Under this line are the records; repeat exactly the lines starting at the one containing "(2)科创50ETF:3月最" and ending at the one containing "伝説のあだ名 | 『封印されし傭兵たなかあずさ』 |", omitting pictures.

→ **DATA RECORDS**:
......

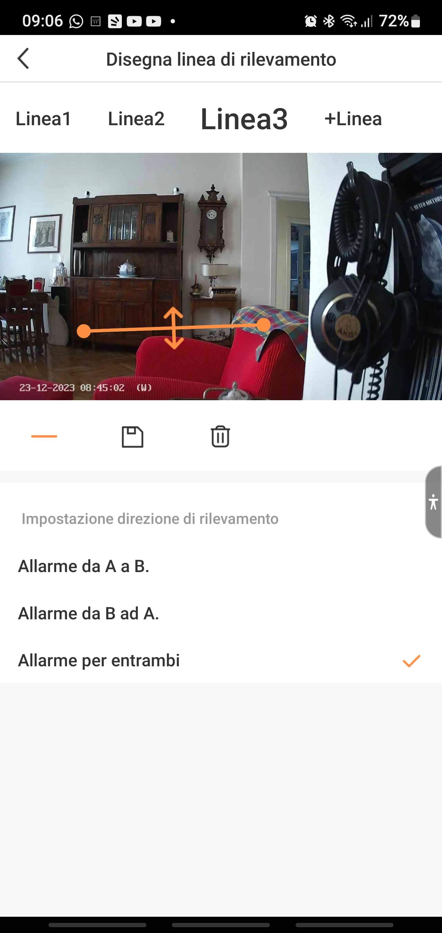 Nel caso del tracciamento di una o più linee di rilevamento, per definirne ciascuna si deve per procedere come segue: 1) Toccare la linea arancione (sotto l’immagine a sinistra) per fare comparire una linea nell’immagine ripresa; 2) Spostare e dimensionare opportunamente tale linea; 3) Scegliere la direzione per cui deve essere fatto il rilevamento [effettuando la scelta, sulla linea compare una freccia bidirezionale o monodirezionale che rende chiara la direzione scelta] ; 4) Salvare l’impostazione per quella linea premendo l’icona del dischetto.
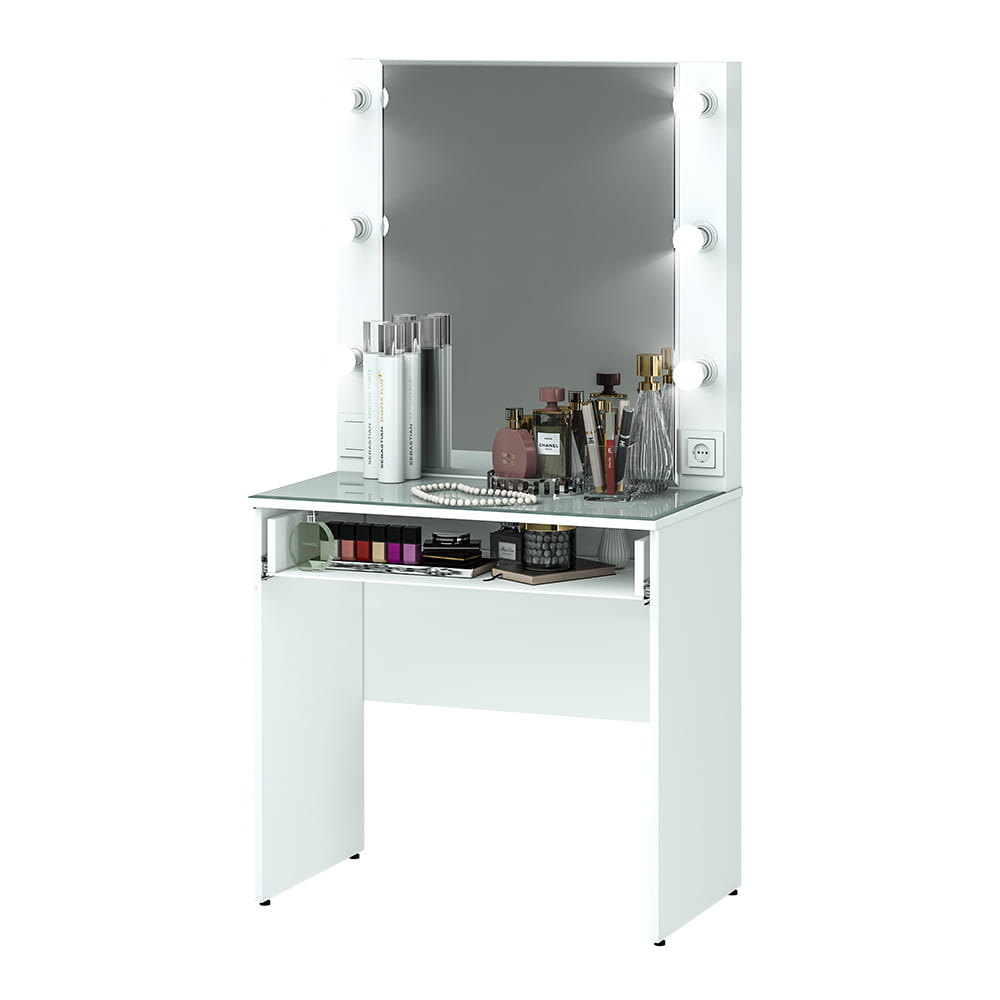 Косметический стол «Мемори» СТ-03 — это идеальное решение для создания уютного и стильного уголка в вашей спальне или гардеробной. Модель выполнена в белом цвете, который станет украшением любого светлого интерьера. Главная особенность стола — подсветка по периметру зеркала, которая создает идеальные условия для макияжа и ухода за собой. Стол оснащен съемной стеклянной столешницей, удобным выдвижным ящиком для косметики и встроенной розеткой для подключения электроприборов. Правильный выбор по лучшей цене — стол «Мемори» СТ-03.
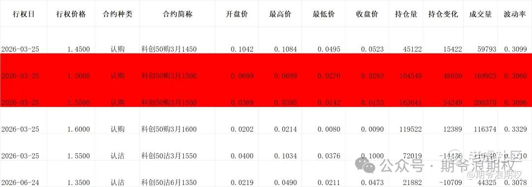 (2)科创50ETF:3月最大持仓范围1550-1550,今收1.464,下跌5.18%。期权3月主力合约,认购以增仓为主,集中在1400-1600,合计11.3W张,其他行权价大多是减仓,集中在1700-1800,合计1.4W张;认沽是低行权价增仓高行权价减仓,增仓集中在1250-1400,减仓集中在1500-1650,合计2.1W张。变化超过1W张的仓位如下,红色是增仓较大的,多空继续在1550有分歧,偏悲观。
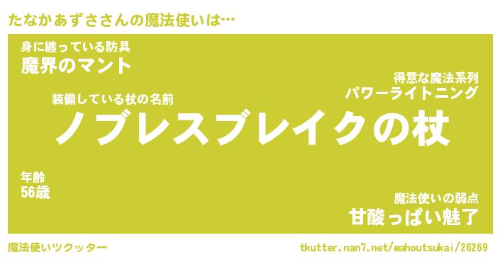 | 伝説のあだ名 | 『封印されし傭兵たなかあずさ』 |
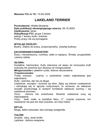 Wzorzec FCI nr 70 / 19.05.2009 LAKELAND TERRIER Pochodzenie: Wielka Brytania Data publikacji obowiązującego wzorca: 29.10.2003 Użytkowanie: terier Klasyfikacja FCI: grupa 3 teriery sekcja 1 teriery duże i średnie Próby pracy nie są wymagane. WYGLĄD OGÓLNY: Bystry, chętny do pracy, proporcjonalny, zwartej budowy. ZACHOWANIE/CHARAKTER: Żywy i nieustraszony, ruchliwy, stale w napięciu. Śmiały, przyjacielski i pewny siebie. GŁOWA: Kształtna, harmonijna. Kufa mierzona od stopu do koniuszka trufli nosowej nie powinna być dłuższa od mózgoczaszki. Mózgoczaszka o płaskim czole, dobrze obrysowana. Trzewioczaszka: Trufla nosowa: czarna, u osobników maści wątrobianej jest wątrobiana. Kufa: szeroka, ale nie za długa. Uzębienie: szczęka i żuchwa są silne. Zęby są dobrze rozstawione i zamykają się w zgryzie nożycowym, to oznacza, że siekacze szczęki przykrywają w ścisłym kontakcie siekacze żuchwy i są ustawione pionowo. Oczy: ciemne lub orzechowe. Skośnie ustawione oczy są niepożądane. Uszy: dość małe, w kształcie litery „V”, czujnie noszone. Ich osadzenie nie jest ani zbyt wysokie, ani zbyt niskie. SZYJA: Długa, lekko łukowata, bez luźnego podgardla. TUŁÓW: Grzbiet: silny, dość krótki. Lędźwie: dobrze związane. Klatka piersiowa: umiarkowanie wąska. OGON: Dawniej był zazwyczaj kopiowany. Ogon kopiowany: Dobrze osadzony, noszony radośnie, ale nie nad grzbietem ani też zakręcony. Ogon niekopiowany: Dobrze osadzony, noszony radośnie, ale nie nad grzbietem, ani też zakręcony. Proporcjonalny do całości sylwetki psa. KOŃCZYNY: Kończyny przednie: proste, o dobrej kości. Łopatki: należycie skośne. Kończyny tylne: silne i muskularne. Uda: długie i mocne. Stawy kolanowe: dobrze kątowane. Stawy skokowe: nisko umiejscowione. Śródstopia: proste. Łapy: małe, zwarte, okrągłe, o mocnych opuszkach. RUCH: Kończyny przednie i tylne kierują się prosto do przodu i są względem siebie równoległe. Łokcie swobodnie poruszają się po osi tułowia. Kolana nie są skierowane do wewnątrz ani na zewnątrz. Energiczny wykrok zależy od odpowiedniej elastyczności kończyn tylnych. SZATA: Włos gęsty, szorstki, odporny na zmiany pogody, z obfitym podszerstkiem. Umaszczenie: czarne podpalane, błękitne podpalane, czerwone, pszeniczne, szaroczerwone (grizzle), wątrobiane, błękitne lub czarne. Małe białe znaczenia na łapach i piersi są dopuszczalne, ale niepożądane. Umaszczenie mahoniowe lub ciemnorude są nietypowe. WIELKOŚĆ: Wzrost nie przekracza 37 cm w kłębie. Waga: dla psów 7,7 kg, dla suk 6,8 kg. WADY: Wszelkie odstępstwa od powyższego wzorca powinny być traktowane jako wady i oceniane w zależności od ich stopnia oraz wpływu na stan zdrowia i dobrostan psa. Psy, wykazujące wyraźne wady fizyczne lub odchylenia psychiczne, powinny być dyskwalifikowane. UWAGA: Samce muszą mieć dwa normalnie rozwinięte jądra, umieszczone w mosznie.

......

→ **ANSWER AREA**:
 (2)科创50ETF:3月最大持仓范围1550-1550,今收1.464,下跌5.18%。期权3月主力合约,认购以增仓为主,集中在1400-1600,合计11.3W张,其他行权价大多是减仓,集中在1700-1800,合计1.4W张;认沽是低行权价增仓高行权价减仓,增仓集中在1250-1400,减仓集中在1500-1650,合计2.1W张。变化超过1W张的仓位如下,红色是增仓较大的,多空继续在1550有分歧,偏悲观。
 | 伝説のあだ名 | 『封印されし傭兵たなかあずさ』 |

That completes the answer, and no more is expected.